Records from a data source:
◇ ◇ ◇ ◇ ◇ ◇ ◇

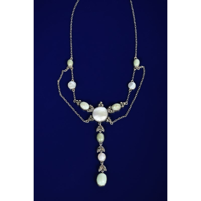 A silver and mother of pearl necklace, the link chain set with mother of pearl discs and amazonite stones, with small marcasite trefoil clusters, unsigned, 7cm. drop.
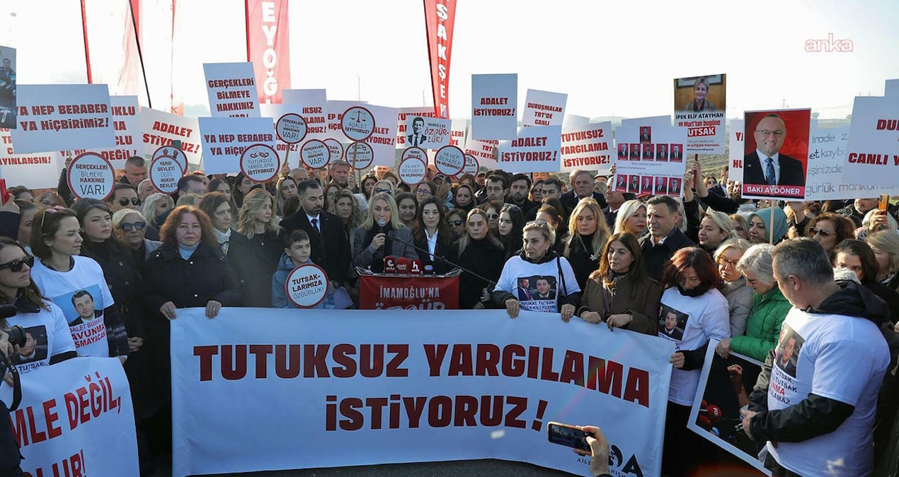 İmamoğlu’nun eşi Dilek İmamoğlu da “Madem gerçeklerin ortaya çıkacağını söylüyorsunuz; o halde neden mahkemenin TRT’den canlı yayınlanmasına karşı çıkıyorsunuz? Gelin, her şey milletin gözü önünde olsun. 86 milyon gerçeği görsün” dedi. CHP’nin eski milletvekili, tutuklu Aykut Erdoğdu’nun eşi, avukat Tuba Torun Erdoğdu da davanın kovuşturma aşamasına geçmeden çöktüğünü belirtti. Torun, Şilili şair Pablo Neruda’nın “Oğulları Ölen Analara Türkü” isimli şiiriyle sözlerini tamamladı.
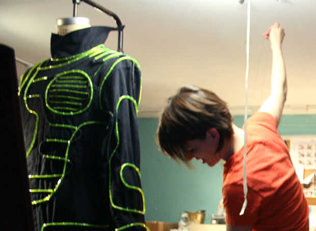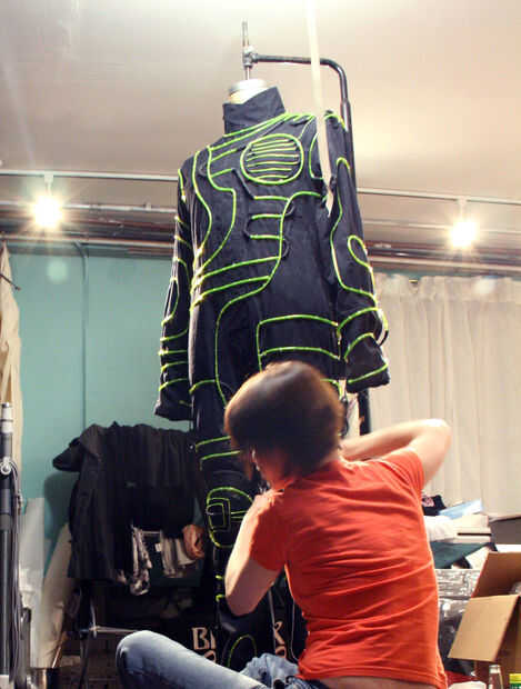 Para el casco, cosí el cable en el tramo negro, tejer a la tela que he utilizado para cubrirlo. Puesto que la tela era una malla deportiva, era fácil ver a través, pero imposible de ver.
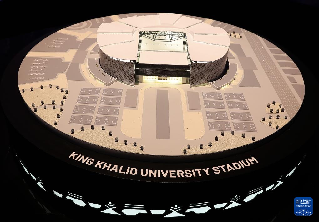 這是在沙特阿拉伯首都利雅得舉辦的2034年FIFA世界杯申辦展覽上拍攝的哈立德國王大學(xué)體育場模型(12月11日攝)。
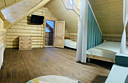 В студии, расположенной на втором этаже нового коттеджа, вас ждет большая удобная кровать, два дивана, а также обеденный уголок — все, что необходимо для комфортного пребывания как в одиночестве, так и в компании. При необходимости в студии возможно размещение дополнительного спального места.
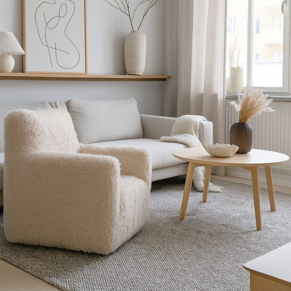 Fåtölj fluffig beige tygklädsel
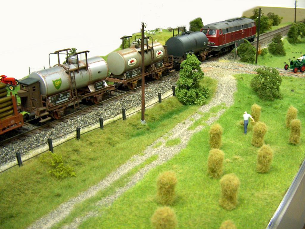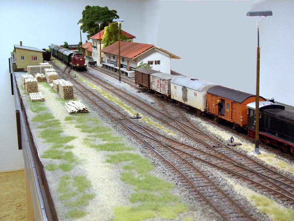 Durch den Einsatz von GmP´s kann überraschend viel Betrieb gemacht werden, da ja die Güterwagen von einer Köf an die betreffenden Abladestellen rangiert werden müssen. Desweiteren wird vor Ausfahrt des Zuges die (imaginär) be- oder entladenen Güterwagen, die mit dem vorherigen Zug gekommen sind, wieder an den Personenzug aus 4 Donnerbüchsen angehängt bzw. vorgespannt.
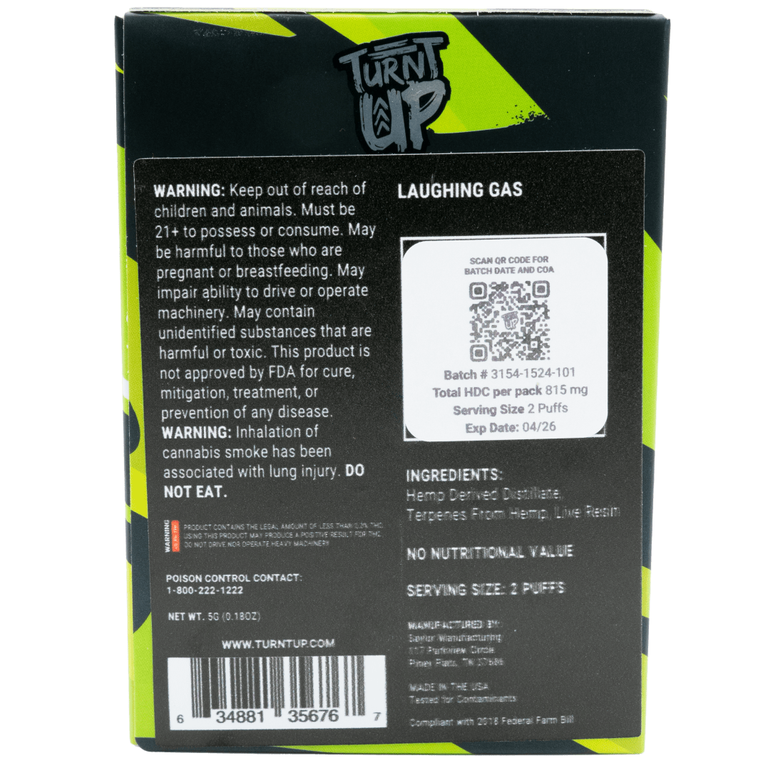 Convenience meets quality as the Turnt Up 5 Gram THCP vape offers a hassle-free and user-friendly experience. With its compact design and easy-to-use functionality, you can enjoy the Laughing Gas strain on the go, anytime, anywhere.
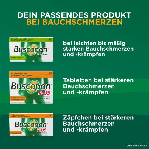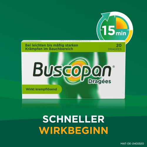 Buscopan® Dragées. Wirkstoff: Butylscopolaminiumbromid. Anwendungsgebiet: Zur Behandlung von leichten bis mäßig starken Krämpfen des Magen-Darm-Traktes, sowie zur Behandlung krampfartiger Bauchschmerzen beim Reizdarmsyndrom. Hinweis: Enthält Sucrose (Zucker). Packungsbeilage beachten. Apothekenpflichtig.
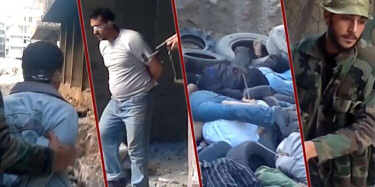 وأظهر مقطع الفيديو جندياً من “الفرع 227” وهو يقتاد المدنيين ثم يطلق النار عليهم قبل أن يلقيهم في حفرة أُعدت خصيصاً لدفن جثثهم وإحراقها.
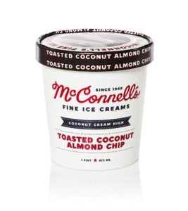 After that, I went and had some bacon and eggs and toast and fruit, then I picked up some packages and the important envelope (finally!). Then I came home, listened to music, and did some work on the computer. I had some telephonic calls, then after a few hours I went to Gelson’s and got some food from the hot food bar – just a bit of chicken teriyaki. I got some fast-cook white rice to go with it, and I bought some ice cream for a little sweet treat. I came home, did some more listening to music, ate the food, and tried the new ice cream. Well, what a major discovery this ice cream was – a brand I’ve never had before called McConnell’s. The name of the flavor immediately appealed to me – toasted coconut almond chip. I had a little cup of it and it was absolutely fantastic. It took all my willpower not to just finish it all. If you like those ingredients (coconut, almonds, and chocolate chips) and they have this brand, give it a try. A major discovery.
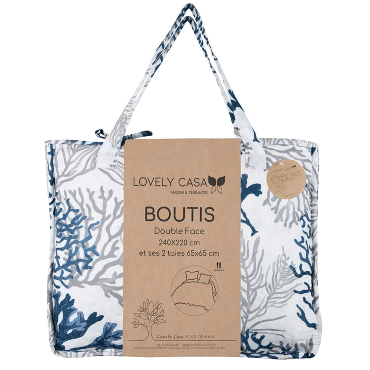🌸 Marque : Lovely Casa 🌸 Modèle : Quiberon Bleu et Gris 🌸 Dimensions boutis : 240 × 220 cm 🌸 Dimensions taies : 65 × 65 cm 🌸 Composition : 100 % polyester 🌸 Entretien : lavage à 30° – séchage à l’air libre conseillé 🌸 Coloris : bleu, gris et blanc – réversible (motif corail / rayures)
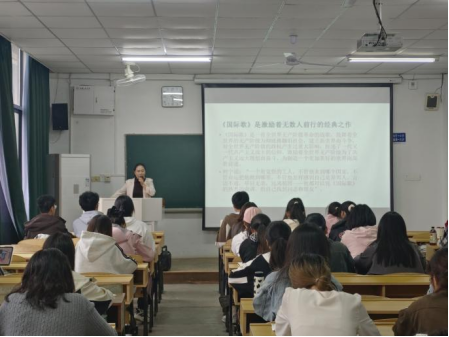 沈雁老师带领同学们重点学习了国际歌的创作背景和发展历史,了解了国际歌与国歌的渊源,加深了同学们对国际歌和国歌的认知和感悟。同学们认真学唱,将自己对党和国家的情感寄托于歌声之中。

◇ ◇ ◇ ◇ ◇ ◇ ◇

Action item:
Copy the records exactly. Skip any pictures.

Result of the task:
 A silver and mother of pearl necklace, the link chain set with mother of pearl discs and amazonite stones, with small marcasite trefoil clusters, unsigned, 7cm. drop.
 İmamoğlu’nun eşi Dilek İmamoğlu da “Madem gerçeklerin ortaya çıkacağını söylüyorsunuz; o halde neden mahkemenin TRT’den canlı yayınlanmasına karşı çıkıyorsunuz? Gelin, her şey milletin gözü önünde olsun. 86 milyon gerçeği görsün” dedi. CHP’nin eski milletvekili, tutuklu Aykut Erdoğdu’nun eşi, avukat Tuba Torun Erdoğdu da davanın kovuşturma aşamasına geçmeden çöktüğünü belirtti. Torun, Şilili şair Pablo Neruda’nın “Oğulları Ölen Analara Türkü” isimli şiiriyle sözlerini tamamladı.
 Para el casco, cosí el cable en el tramo negro, tejer a la tela que he utilizado para cubrirlo. Puesto que la tela era una malla deportiva, era fácil ver a través, pero imposible de ver.
 這是在沙特阿拉伯首都利雅得舉辦的2034年FIFA世界杯申辦展覽上拍攝的哈立德國王大學(xué)體育場模型(12月11日攝)。
 В студии, расположенной на втором этаже нового коттеджа, вас ждет большая удобная кровать, два дивана, а также обеденный уголок — все, что необходимо для комфортного пребывания как в одиночестве, так и в компании. При необходимости в студии возможно размещение дополнительного спального места.
 Fåtölj fluffig beige tygklädsel
 Durch den Einsatz von GmP´s kann überraschend viel Betrieb gemacht werden, da ja die Güterwagen von einer Köf an die betreffenden Abladestellen rangiert werden müssen. Desweiteren wird vor Ausfahrt des Zuges die (imaginär) be- oder entladenen Güterwagen, die mit dem vorherigen Zug gekommen sind, wieder an den Personenzug aus 4 Donnerbüchsen angehängt bzw. vorgespannt.
 Convenience meets quality as the Turnt Up 5 Gram THCP vape offers a hassle-free and user-friendly experience. With its compact design and easy-to-use functionality, you can enjoy the Laughing Gas strain on the go, anytime, anywhere.
 Buscopan® Dragées. Wirkstoff: Butylscopolaminiumbromid. Anwendungsgebiet: Zur Behandlung von leichten bis mäßig starken Krämpfen des Magen-Darm-Traktes, sowie zur Behandlung krampfartiger Bauchschmerzen beim Reizdarmsyndrom. Hinweis: Enthält Sucrose (Zucker). Packungsbeilage beachten. Apothekenpflichtig.
 وأظهر مقطع الفيديو جندياً من “الفرع 227” وهو يقتاد المدنيين ثم يطلق النار عليهم قبل أن يلقيهم في حفرة أُعدت خصيصاً لدفن جثثهم وإحراقها.
 After that, I went and had some bacon and eggs and toast and fruit, then I picked up some packages and the important envelope (finally!). Then I came home, listened to music, and did some work on the computer. I had some telephonic calls, then after a few hours I went to Gelson’s and got some food from the hot food bar – just a bit of chicken teriyaki. I got some fast-cook white rice to go with it, and I bought some ice cream for a little sweet treat. I came home, did some more listening to music, ate the food, and tried the new ice cream. Well, what a major discovery this ice cream was – a brand I’ve never had before called McConnell’s. The name of the flavor immediately appealed to me – toasted coconut almond chip. I had a little cup of it and it was absolutely fantastic. It took all my willpower not to just finish it all. If you like those ingredients (coconut, almonds, and chocolate chips) and they have this brand, give it a try. A major discovery.
🌸 Marque : Lovely Casa 🌸 Modèle : Quiberon Bleu et Gris 🌸 Dimensions boutis : 240 × 220 cm 🌸 Dimensions taies : 65 × 65 cm 🌸 Composition : 100 % polyester 🌸 Entretien : lavage à 30° – séchage à l’air libre conseillé 🌸 Coloris : bleu, gris et blanc – réversible (motif corail / rayures)
 沈雁老师带领同学们重点学习了国际歌的创作背景和发展历史,了解了国际歌与国歌的渊源,加深了同学们对国际歌和国歌的认知和感悟。同学们认真学唱,将自己对党和国家的情感寄托于歌声之中。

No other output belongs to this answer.